Welcome back!! =)
Life is a continuous cycle of new experiences and opportunities for self-discovery. This past week, I've come to a realization about myself that rocked my world a bit. My mood has been rather melancholy lately and I didn't understand why. Overall, things have been progressing very well in my life over the past year or so. I truly have little of consequence to complain about. Despite this, I found it difficult to remain positive for the past several weeks.
I had attributed it to my stressful school schedule with the Winter class from hell. I also considered that it might be due to the missteps I've made in regards to my love life recently (or lack thereof). Though these may have played some role in it all, I've come to realize that it's actually deeper than that. The following tweet - posted 1/30/10 at 2:50pm - says it best: "The majority of my 'newfound' swagger in '09 was a result of my weight loss. My mood has been affected since I've stayed at the same weight."
There were many great things that happened to me in 2009: making contact with old friends and reconnecting with them, the places - new and old - that I traveled to, new sensations that overwhelmed me and made me feel more alive than at any other period of my life! The one constant throughout the year was my commitment to being healthier and, consequently, the weight loss that accompanied that change in my lifestyle. "Long time" RaUM readers will recall the regular updates on my weight loss throughout the past year or so. In the past few months, I've maintained a stable weight around 185lbs (it's fluctuated between 183 and 188).

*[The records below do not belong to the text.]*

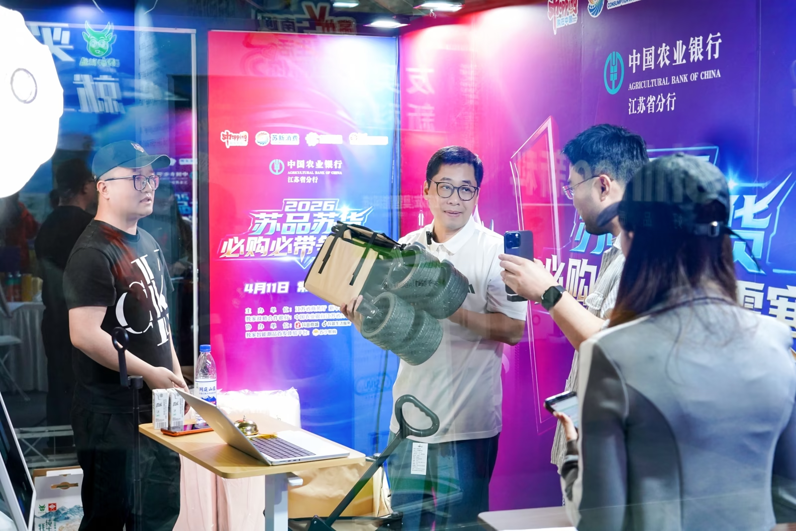 本次活动由江苏省商务厅、新华报业传媒集团联合主办,交汇点大平台承办,中国农业银行江苏省分行担任独家战略合作银行,抖音商城、抖音生活服务协办,苏宁易购为独家智能潮品首发体验平台。江苏省商务厅厅长司勇、新华报业传媒集团董事长双传学、中国农业银行江苏省分行副行长陈鹏、常州市副市长潘冬玲等领导出席活动,与现场观众共同感受江苏好物的独特魅力与消费市场蓬勃生机。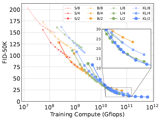그림 9에서 우리는 모든 DiT 모델에 대한 총 학습 계산의 함수로 FID를 표시합니다.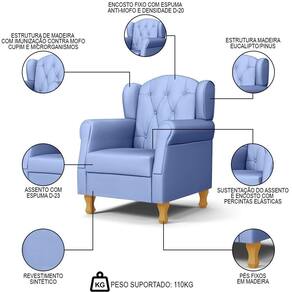 Conteúdo da Embalagem: 1 Poltrona, 4 Pés de Madeira.

I'm certain I could lose another 10 lbs or so without being 'unhealthily skinny'. I don't expect to ever be model-esque. I'm not built that way and I made many bad decisions when I was younger that has doomed me to a life of chubbiness (or 'softness'... lol). I also understand that at some point I won't physically be able to lose any more weight without jeopardizing my health. What I overlooked during this transition was just how much my self-esteem and general positivity in 2009 was intimately associated to my weight loss and improved body image.
This week I've been reconsidering what makes me tick, reassessing what I value, and what I need to work on moving forward. I have a better handle on who I am now. Inevitably, the person I see in the mirror will most certainly change as I grow older (and hopefully a little wiser). The major pitfall I hope to avoid is forgetting who I am as I continue to evolve. Ultimately, I need to stay true to myself and everything else will take care of itself.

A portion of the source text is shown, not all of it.